Besides silica NPs, fluorescent polymeric NPs like polystyrene (PS) NPs are another popular choice likely due to their distribution by all the major biotechnology companies and the variety of functional groups including non-modified, sulfate-modified, aldehyde-modified, carboxylate-modified or amine-modified surface [44,52]. Recently, the uptake of the anionic PS NPs by hMSCs was investigated using spinning-disk confocal optical microscopy [53]. In this study, carboxyl-functionalized PS NPs were shown to be internalized mainly through the clathrin-mediated mechanism, which were more rapidly than the nonfunctionalized PS NPs.

Gold nanoparticles

With the rapid advancement of non-linear optics, fluorescence imaging with multiphoton excitation becomes a powerful technique for the high-resolution imaging. In this technique, noble metal NPs like gold NPs (Au NPs) were excited to a high energy state by two or more photons of red or near infrared (NIR) light simultaneously. Farrer et al. demonstrated that multiphoton-absorption-induced luminescence (MAIL) from Au NPs was generated efficiently with 800 nm laser and the luminescence spanned all the visible spectrum [54]. Compared with the traditional ultraviolet-visible (UV) excitation, NIR provided relatively higher depth of tissue penetration and minimized the interference of background fluorescence from the biological samples. In addition, Au NPs are generally considered biocompatible compared to other NPs [55], given that they have been used for human decorations for thousands of years. In another example, Nagesha et al. labeled mouse embryonic stem cells with Au NPs and visualized them through MAIL. They expected the further application of this method for the investigation of the molecular machinery of endocytosis, post-internalization vesicle trafficking, lineage tracking, and cellular motility assays [56]. Au NPs are also well known for their plasmonic properties as well as the applications in photoacoustic imaging and SERS, which we will discuss later in other sections.
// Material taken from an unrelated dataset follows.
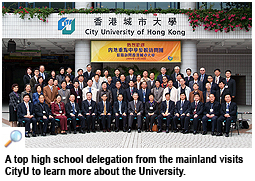 While exchange visits from mainland educational institutions are frequent, this is the first time a delegation of this size has visited CityU, according to Professor H K Chang, University President. Altogether, 38 top mainland high school principals, administrators and teachers were welcomed onto campus.

Upconversion nanoparticles

Upconversion (UC) is a process in which the sequential absorption of two or more photons leads to the emission of light at shorter wavelength. It is a non-linear optical process, which refers to anti-Stokes type emission. The most efficient UC materials are formed by solid-state materials doped with rare-earth ions [57]. In the nanoscale, NPs made of UC materials (so called, UCNPs) benefit from this unique properties when they are utilized as contrast agents in molecular imaging. Imaging with UCNPs provides higher sensitivity (lack of autofluorescence background), less toxic components (in comparison to QDs), high penetration depths (excitation with NIR light), and good photostability (no photobleaching) [58,59].
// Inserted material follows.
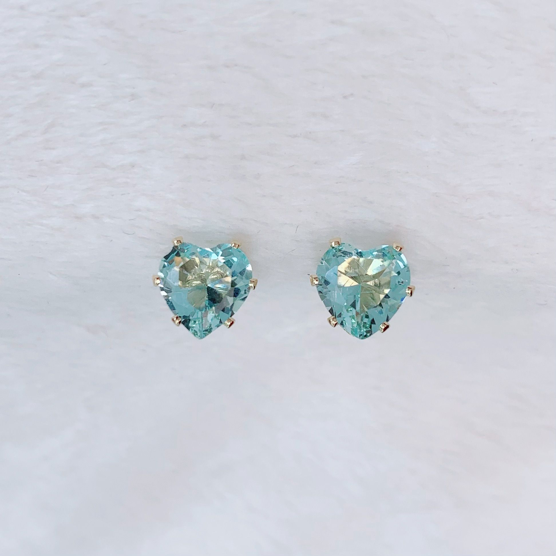 Brinco Coração Zirconia Azul Claro 6mm - Banho de Ouro 18k

A number of groups have labeled progenitor cells with UCNPs for both in vitro and in vivo fluorescence tracking [60-62]. For example, Wang et al labeled and tracked mouse MSCs (mMSCs) with UCNPs [63], which were conjugated with R8 to facilitate cellular uptake. Little exocytosis of UCNPs from labeled mMSCs was found in the transwell assay after 10 days incubation, suggesting its potential for long-term cell tracking. Even after two weeks, the labeling with UCNPs did not show any influence over the survivability, proliferation, and differentiation of mMSCs. To determine the detection sensitivity of UCNP-labeled mMSCs in vivo, various amount of mMSCs (10-104) labeled with UCNPs were subcutaneously injected beneath the skin of a nude mouse. It was then imaged by a modified Maestro in vivo imaging system with a 980 nm laser as excitation source. The sensitivity of fluorescence imaging with UCNPs was as few as 10 cells, nearly at the single cell level. By utilizing the UCNPs-labeling, they observed the migration of mMSCs from lung to liver in a nude mouse model with the whole body imaging by a modified Maestro in vivo imaging system using a 980 nm optical fiber-coupled laser as the excitation source [63].
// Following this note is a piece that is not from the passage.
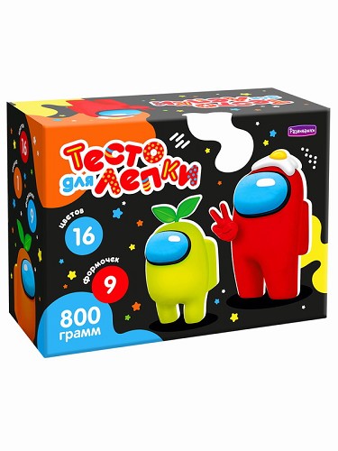 Тесто д/лепки (16цв*50гр+9форм,скалка) в/к П129 (Развивашки)
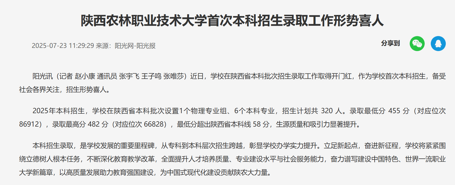 本科招生录取,是学校发展的重要里程碑,从专科到本科层次招生跨越,彰显学校办学实力提升。立足新起点,奋进新征程,学校将紧紧围绕立德树人根本任务,不断深化教育教学改革,全面提升人才培养质量、专业建设水平与社会服务能力,奋力谱写建设中国特色、世界一流职业大学新篇章,以高质量发展助力教育强国建设,为中国式现代化建设贡献陕农大力量。

While unique, UCNPs have the following disadvantages as contrast agents for fluorescence imaging. First of all, the upconversion efficiencies have been relatively low (usually less than 1%) [64]. The excitation thresholds are quite high, and the investigated phosphors (generally fluorides) often presented poor chemical stability [65]. Secondly, the potential long-term toxicity of Ln3+ doped UCNPs is another significant concern [64]. A thorough and systematic investigation is highly needed to reveal their biocompatibility and biostability.

Stem cell tracking with nanoparticle-aided photoacoustic imaging

Photoacoustic (PA) imaging, also called optoacoustic imaging is a new biomedical imaging modality based on photoacoustic effect, in which the absorbed energy from the light is transformed into kinetic energy of the sample through energy exchange processes. It is a hybrid modality, combining the high-contrast and spectroscopic-based specificity of optical imaging with the high spatial resolution of ultrasound imaging. In essence, a PA image is an ultrasound image in which contrast depends on the optical absorption of samples. Thus biological tissues with optical properties such as hemoglobin could be visualized with PA imaging.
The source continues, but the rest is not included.